§ **Dataset content**
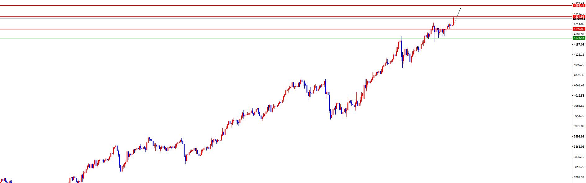 A mínima inicial do ouro em 4.199,73 é o divisor de águas intradiário. Se o preço estiver acima desta posição, os touros continuarão (ao mesmo tempo, haverá uma divergência em uma hora, por isso precisamos estar atentos aos riscos após a alta de curto prazo).
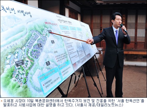 ◈ ''서울 한옥선언'' 발표…10년간 4대문 안팎 4500채 보전 서울시는 10일 한옥 밀집 지역을 가장 서울다운 정취가 있는 주거지로 만들기 위해 ''서울 한옥선언''을 발표했다. 앞으로 10년동안 4대문 안팎의 한옥 4500동이 서울시 관리를 받게 된다.
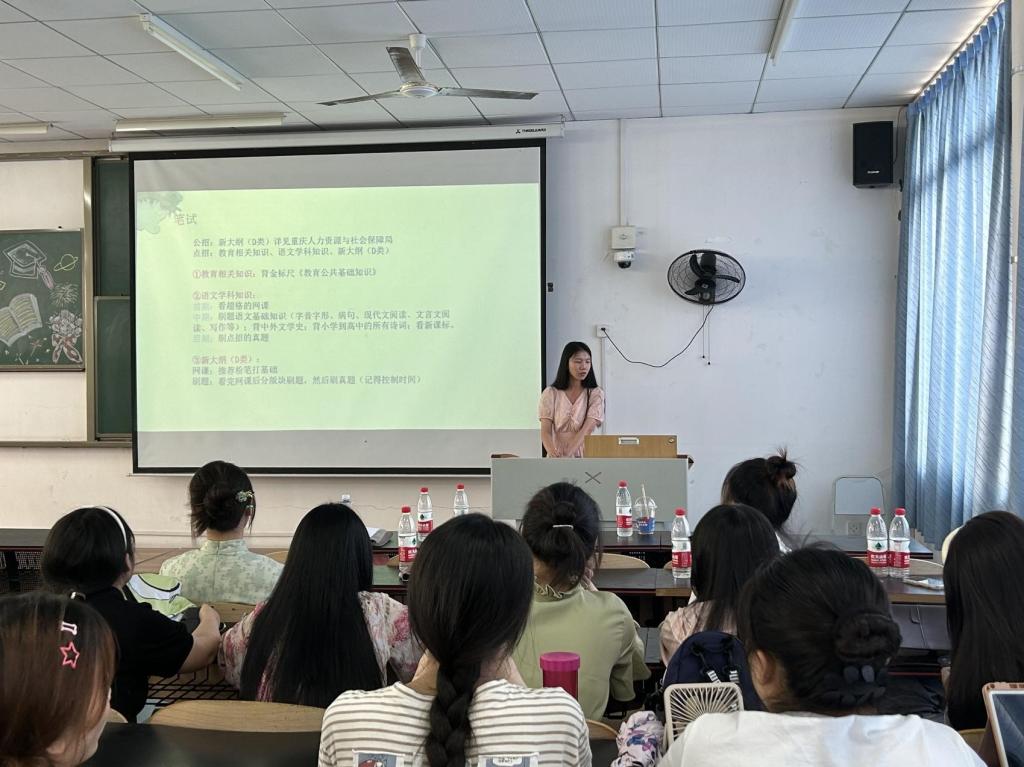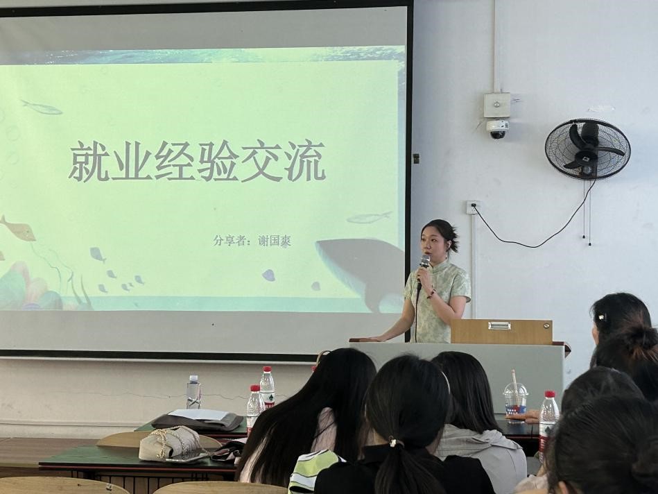 谢国爽向同学们介绍了她的就业情况、教学经验,让同学们对教师行业了解更加清晰,对于自己人生的选择更有把握。
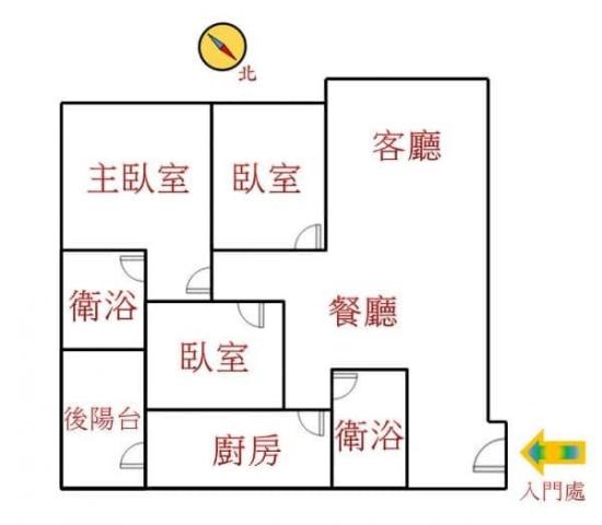 - 格局: 3房(室) 2廳 2衛 1陽台 1廚房

§ **Your assignment**
Print the whole listing again exactly, please. No pictures.

§ **Completed exercise**
 A mínima inicial do ouro em 4.199,73 é o divisor de águas intradiário. Se o preço estiver acima desta posição, os touros continuarão (ao mesmo tempo, haverá uma divergência em uma hora, por isso precisamos estar atentos aos riscos após a alta de curto prazo).
 ◈ ''서울 한옥선언'' 발표…10년간 4대문 안팎 4500채 보전 서울시는 10일 한옥 밀집 지역을 가장 서울다운 정취가 있는 주거지로 만들기 위해 ''서울 한옥선언''을 발표했다. 앞으로 10년동안 4대문 안팎의 한옥 4500동이 서울시 관리를 받게 된다.
 谢国爽向同学们介绍了她的就业情况、教学经验,让同学们对教师行业了解更加清晰,对于自己人生的选择更有把握。
 - 格局: 3房(室) 2廳 2衛 1陽台 1廚房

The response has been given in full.